1. Hukuk Dairesi 2019/184 E. , 2021/666 K.
"İçtihat Metni"MAHKEMESİ :ASLİYE HUKUK MAHKEMESİ
DAVA TÜRÜ : TAPU İPTALİ VE TESCİL-ALACAK
Taraflar arasında görülen davada;
Davacı, mirasbırakan ...’ın maliki olduğu 130 ve 565 parsel sayılı taşınmazların tamamını ve 1922 parsel sayılı taşınmazdaki 3899/5149 payını, çocukları olan davalılara satış suretiyle devrettiğini, temlikin mirastan mal kaçırma amaçlı ve muvazaalı olduğunu ileri sürerek, davalılar adına olan tapu kayıtlarının iptali ile miras payı oranında adına tesciline, davalı ... 565 parsel sayılı taşınmazdaki payını 3.kişiye sattığından devredilen paydan hissesine isabet edecek olan bedel için şimdilik 5.000,00 TL‘nin işleyecek faizi ile birlikte davalı ...’dan tahsiline karar verilmesini istemiştir.
Davalılar, davacının mirasbırakana ait bir çok taşınmazını muvazaalı olarak ilk evliliğinden olan çocuklarına devrettirdiğini, davacının kendi çocuklarının borçlarını ödettirmek için murise mallarını sattırdığını, kendilerinin de bedelini ödemek suretiyle taşınmazları satın aldıklarını belirterek davanın reddini savunmuşlardır.
Mahkemece, temlik işlemlerinin mirastan mal kaçırma amaçlı ve muvazaalı olduğu gerekçesiyle davanın kabulüne, 565 parsel sayılı taşınmaz için davacının miras payının bedeli olarak 214.400,00 TL‘nin davalı ...’dan tahsiline ilişkin karar, Dairece; "… Somut olaya gelince, mirasbırakanın davacı ile henüz evlenmeden birlikte yaşadığı dönemde 1922 parsel sayılı tarla niteliğindeki taşınmazın 1250/5149 payını davacıya temlik ettiği, geride kalan taşınmazları da davalılara eşit paylar oranında satış suretiyle temlik ettiği, dinlenen tanık beyanları ve dosya içeriğinden bu temliklerin mal kaçırma amacı ile değil, paylaştırma amacı ile yapıldığı sonucuna varılmaktadır.Bu somut olgular, yukarıdaki ilkeler ile değerlendirildiğinde temliklerin muvazaalı olduğundan söz edilemez. Hal böyle olunca, davanın reddine karar verilmesi gerekirken yanılgılı değerlendirme ile yazılı şekilde karar verilmesi doğru değildir." gerekçesiyle bozulmuş, bozma ilamına uyularak yapılan yargılama neticesinde davanın reddine karar verilmiştir.
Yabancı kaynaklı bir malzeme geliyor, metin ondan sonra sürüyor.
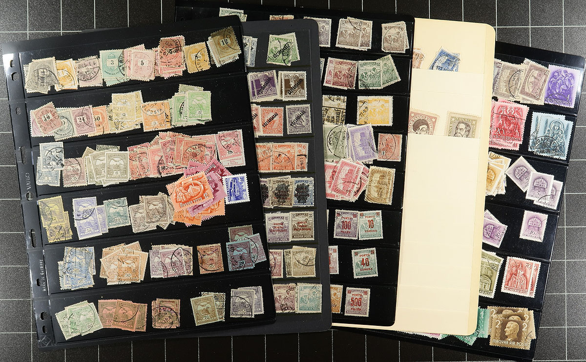 Collection of used Hungary, 1871-1970's, containing a few thousand stamps, neatly organized on over 50 Minkus album pages and some added material. The collection generally ranges from Scott #9/2022, with a few stamps and sets cataloguing $10 and up. Postmark interest includes cds and other town cancel types, including a few "socked on the nose" postmarks. A good collection that should be expanded. Estimate =
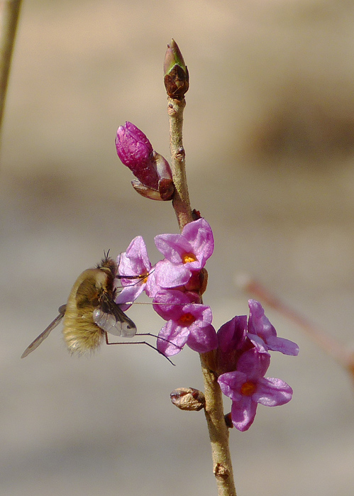 Firma Panasonic Modell DMC-FZ150 Belichtungszeit 1/640 ISO-Empf. 100 Blendenzahl 3.6 Brennweite 25.4 BilddetailsBeschreibung Seidelbast (Daphne mezereum) mit Großer Wollschweber (Bombylius major) Fotograf © Petra Wörle Datum 18.03.2015, Uhrzeit: 14:13 Uhr Ort Augsburg (Stadtwald) Copyright Petra Wörle (email) Dateiname P157055GrosserWollschweber1.jpg Seidelbast (Daphne mezereum) mit Großer Wollschweber (Bombylius major) -

Karar, davacı vekili tarafından süresinde duruşma istemli temyiz edilmiş olmakla; duruşma günü olarak saptanan 09.02.2021 Salı günü için yapılan tebligat üzerine temyiz eden davacı vekili Avukat ... ile temyiz edilen davalılar vekili Avukat Başak Şahin geldiler, duruşmaya başlandı, süresinde verildiği ve kayıt olunduğu anlaşılan temyiz dilekçesinin kabulüne karar verildikten sonra gelen vekillerin sözlü açıklamaları dinlendi, duruşmanın bittiği bildirildi, iş karara bırakıldı. Bilahare Tetkik Hakimi ... tarafından düzenlenen rapor okundu, düşüncesi alındı. Dosya incelenerek gereği görüşülüp düşünüldü:
-KARAR-
Hükmüne uyulan bozma kararında, gösterildiği şekilde işlem yapılarak karar verilmesine, özellikle mirasbırakanın çekişmeli temliklerde mirastan mal kaçırma amaçlı ve muvazaalı olarak hareket ettiğinin 4721 sayılı TMK"nin 6. maddesi ve 6100 sayılı HMK"nin 190. maddesi uyarınca kanıtlanamadığı gözetilerek davanın reddine karar verilmiş olmasında isabetsizlik yoktur. Davacının yerinde bulunmayan temyiz itirazının reddi ile usul ve yasaya ve bozma kararının gerekçelerine uygun olan hükmün ONANMASINA, 24.11.2020 tarihinde yürürlüğe giren Avukatlık Ücret Tarifesi gereğince gelen temyiz edilen davalılar vekili için 3.050.00.-TL. duruşma vekâlet ücretinin ve aşağıda yazılı 23.40. TL bakiye onama harcının temyiz eden davacıdan alınmasına, 09.02.2021 tarihinde oybirliğiyle karar verildi.